Problem to solve. An exact, complete copy of the entries is needed, with the pictures left out.
::: Material to process :::
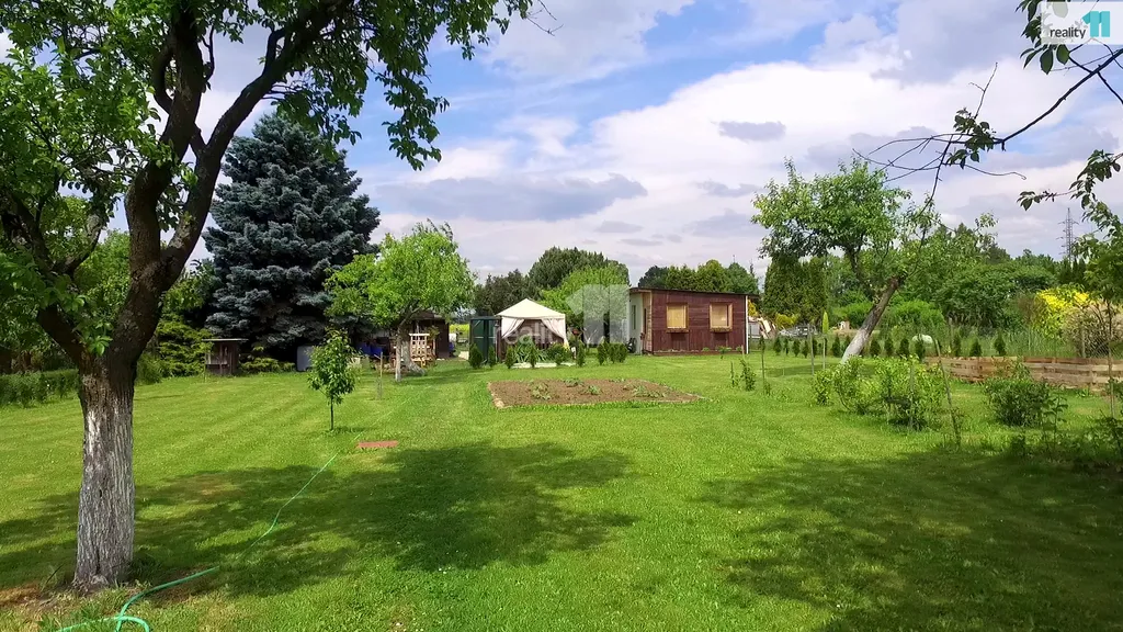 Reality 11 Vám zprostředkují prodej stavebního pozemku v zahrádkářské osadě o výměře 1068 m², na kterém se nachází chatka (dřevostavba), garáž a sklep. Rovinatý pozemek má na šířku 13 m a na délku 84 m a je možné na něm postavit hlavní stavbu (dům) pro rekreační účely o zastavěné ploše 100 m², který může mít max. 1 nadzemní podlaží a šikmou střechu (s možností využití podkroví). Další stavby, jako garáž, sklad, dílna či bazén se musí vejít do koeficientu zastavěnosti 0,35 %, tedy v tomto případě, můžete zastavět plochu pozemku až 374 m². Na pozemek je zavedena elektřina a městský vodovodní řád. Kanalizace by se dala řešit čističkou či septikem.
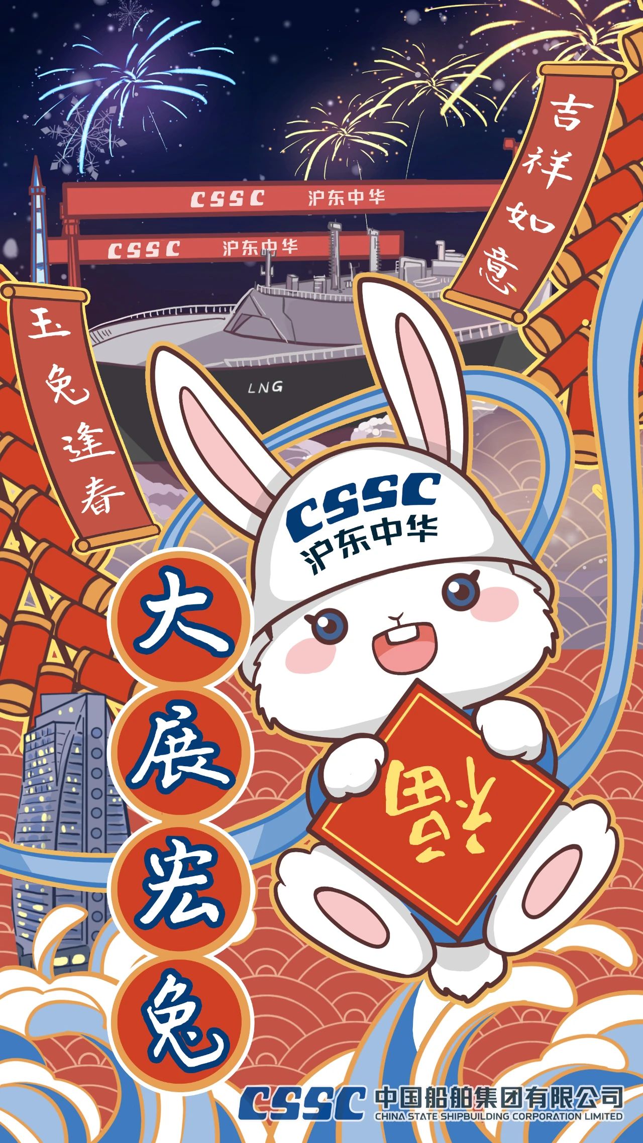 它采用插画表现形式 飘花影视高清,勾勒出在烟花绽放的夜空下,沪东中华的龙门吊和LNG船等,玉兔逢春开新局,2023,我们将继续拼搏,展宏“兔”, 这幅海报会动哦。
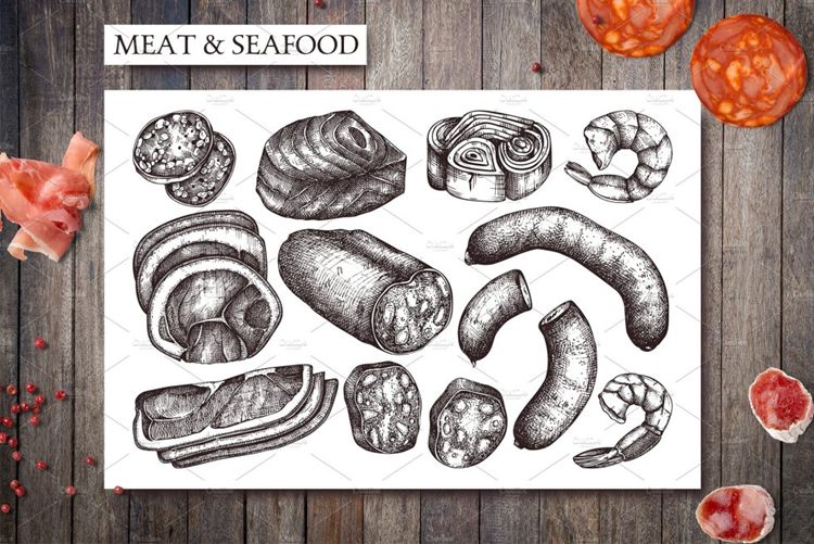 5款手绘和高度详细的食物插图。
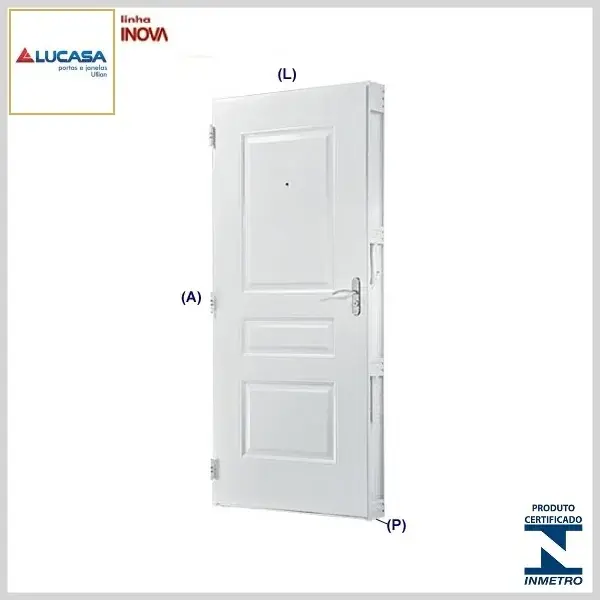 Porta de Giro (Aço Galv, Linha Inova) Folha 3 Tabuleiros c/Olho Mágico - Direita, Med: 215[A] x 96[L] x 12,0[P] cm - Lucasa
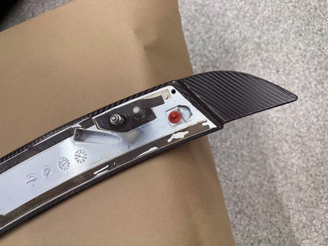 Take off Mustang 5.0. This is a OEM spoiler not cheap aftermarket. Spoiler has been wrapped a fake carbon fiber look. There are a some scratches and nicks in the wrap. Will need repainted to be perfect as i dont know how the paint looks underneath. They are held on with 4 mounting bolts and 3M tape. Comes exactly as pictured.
:::
Output of the exercise.
 Reality 11 Vám zprostředkují prodej stavebního pozemku v zahrádkářské osadě o výměře 1068 m², na kterém se nachází chatka (dřevostavba), garáž a sklep. Rovinatý pozemek má na šířku 13 m a na délku 84 m a je možné na něm postavit hlavní stavbu (dům) pro rekreační účely o zastavěné ploše 100 m², který může mít max. 1 nadzemní podlaží a šikmou střechu (s možností využití podkroví). Další stavby, jako garáž, sklad, dílna či bazén se musí vejít do koeficientu zastavěnosti 0,35 %, tedy v tomto případě, můžete zastavět plochu pozemku až 374 m². Na pozemek je zavedena elektřina a městský vodovodní řád. Kanalizace by se dala řešit čističkou či septikem.
 它采用插画表现形式 飘花影视高清,勾勒出在烟花绽放的夜空下,沪东中华的龙门吊和LNG船等,玉兔逢春开新局,2023,我们将继续拼搏,展宏“兔”, 这幅海报会动哦。
 5款手绘和高度详细的食物插图。
 Porta de Giro (Aço Galv, Linha Inova) Folha 3 Tabuleiros c/Olho Mágico - Direita, Med: 215[A] x 96[L] x 12,0[P] cm - Lucasa
 Take off Mustang 5.0. This is a OEM spoiler not cheap aftermarket. Spoiler has been wrapped a fake carbon fiber look. There are a some scratches and nicks in the wrap. Will need repainted to be perfect as i dont know how the paint looks underneath. They are held on with 4 mounting bolts and 3M tape. Comes exactly as pictured.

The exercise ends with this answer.